In our work, however, we aim for a simple and tractable data representation, preferably one that is not learnable, to facilitate the use of straightforward operations and a simplified diffusion process. To this end, we employ the MBPR, which decomposes data across $n$ bit planes ${\bf x}_{0}(k)$ with $k=0,\cdots,n-1$ as shown in Figure 1.

然而,在我们的工作中,我们追求一种简单且易于处理的数据表示方式,最好是无需学习的,以便于使用直接的操作和简化的扩散过程。为此,我们采用了MBPR (Multi-Bit Plane Representation) ,它将数据分解为 $n$ 个位平面 ${\bf x}_{0}(k)$ ,其中 $k=0,\cdots,n-1$ ,如图 1 所示。


Figure 1. Multi-bit plane representation of images. An image ${\bf{I}}{0}$ is represented by $\mathbf{x}{0}$ through a bijective transform $\tau$ . In this work, $\tau$ decomposes the input image into bitplanes, organized within the tensor $\mathbf{x}{0}$ , where MSB planes capture the most significant bits and LSB planes capture the least significant bits. Notably, these representations are binary, satisfying $\begin{array}{r}{\mathbf I_{0}=\sum_{k=0}^{n-1}\mathbf x_{0}(k)2^{k}}\end{array}$ for a gray-scale image or RGB competent of a c olor image. The MSB planes exhibit high pixel correlation, while the LSB planes display greater independence across pixels.

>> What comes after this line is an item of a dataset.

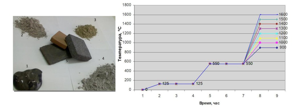 Преимущество рассматриваемого метода переработки буровых шламов в огнеупорные материалы состоит в том, что единственной принципиально нужной добавкой является небольшое количество недорогого алюминиевого порошка, необходимого для инициирования экзотермической реакции синтеза по формуле (1), которая в соответствии с уравнениями (2)-(5) должна выходить на устойчивый и самоподдерживающийся режим горения [15]. На практике, ввиду неадиабатичности реального процесса синтеза, естественным является возникновение теплопотерь при распространении волны горения в открытом пространстве, что характерно для многих методов внепечной металлургии и обычно легко компенсируется дополнительным локальным прогревом поверхности образца с помощью маломощного и мобильного источника тепла [10, 11], такого как газопламенная или плазменная горелка с контролируемой температурой факела [13, 14]. Дополнительно при этом формируется жаропрочный поверхностный слой [8]. Учитывая все вышесказанное, нами на начальном этапе разработки экспериментальной технологии переработки БШ для синтеза муллитовых огнеупоров использовалась электропечь типа ПВК-1,6-5 с максимальной температурой нагрева 1600°С, а в качестве добавки – порошок ПА-4 (ГОСТ 6058-73). Пробоподготовку и предварительную очистку БШ от загрязнения нефтепродуктами проводили по «сухой» технологии, основные этапы которой показаны на рисунке 4, где 1 – буровой шлам из месторождения Каменное (ХМАО-Югра); 2 – сухой порошок бурового шлама после 4 часов обработки в вакуумном сушильном шкафу ШСВ-65 при 125 ºС и остаточном давлении 10 миллиметров ртутного столба; 3 – сухой порошок БШ после 10 минут механоактивации в высокоэнергетической планетарной мельнице АГО-3 в смеси с 10% добавкой клиноптилолита (Na, K, Ca)2-3Al3(Al, Si)2Si13O36 •12H2O, сорбирующей остатки нефтепродуктов; 4 – реакционная шихта: смесь БШ и ПА-4 для приготовления шликерной массы; 5 – спеченные в печи образцы муллитовой огнеупорной керамики; справа на рис. 4 приведены графики температурных режимов синтеза в электропечи ПВК-1,6.
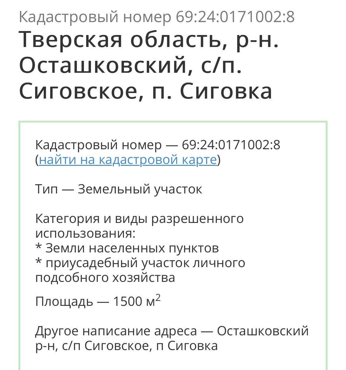 Проведено электричество, в деревню заведен природный газ. Участок в долгосрочной аренде. Кадастровый номер 69:240171002:8

图 1: 图像的多比特平面表示。图像 ${\bf{I}}{0}$ 通过双射变换 $\tau$ 表示为 $\mathbf{x}{0}$ 。本工作中,$\tau$ 将输入图像分解为比特平面,并组织在张量 $\mathbf{x}{0}$ 中,其中最高有效位(MSB)平面捕获最高有效比特,最低有效位(LSB)平面捕获最低有效比特。值得注意的是,这些表示是二进制的,对于灰度图像或彩色图像的RGB分量满足 $\begin{array}{r}{\mathbf I_{0}=\sum_{k=0}^{n-1}\mathbf x_{0}(k)2^{k}}\end{array}$ 。MSB平面表现出较高的像素相关性,而LSB平面则显示出像素间更强的独立性。

Each bit plane captures unique statistical traits of the original image: the most significant bits (MSB) display stronger pixel correlations, while the least significant bits (LSB) are more independent. This layered structure allows precise noise control in the diffusion process, enhancing denoising and optimizing interpret ability, computational complexity, accuracy, and efficiency. We use this multi-bit plane representation, shown in Figure 1, to streamline and improve the generative model.

每个位平面捕捉原始图像独特的统计特征:最高有效位(MSB)呈现更强的像素相关性,而最低有效位(LSB)则更具独立性。这种分层结构能在扩散过程中实现精确的噪声控制,从而提升去噪效果,并优化可解释性、计算复杂度、准确性和效率。我们采用如图1所示的多位平面表示法来简化和改进生成模型。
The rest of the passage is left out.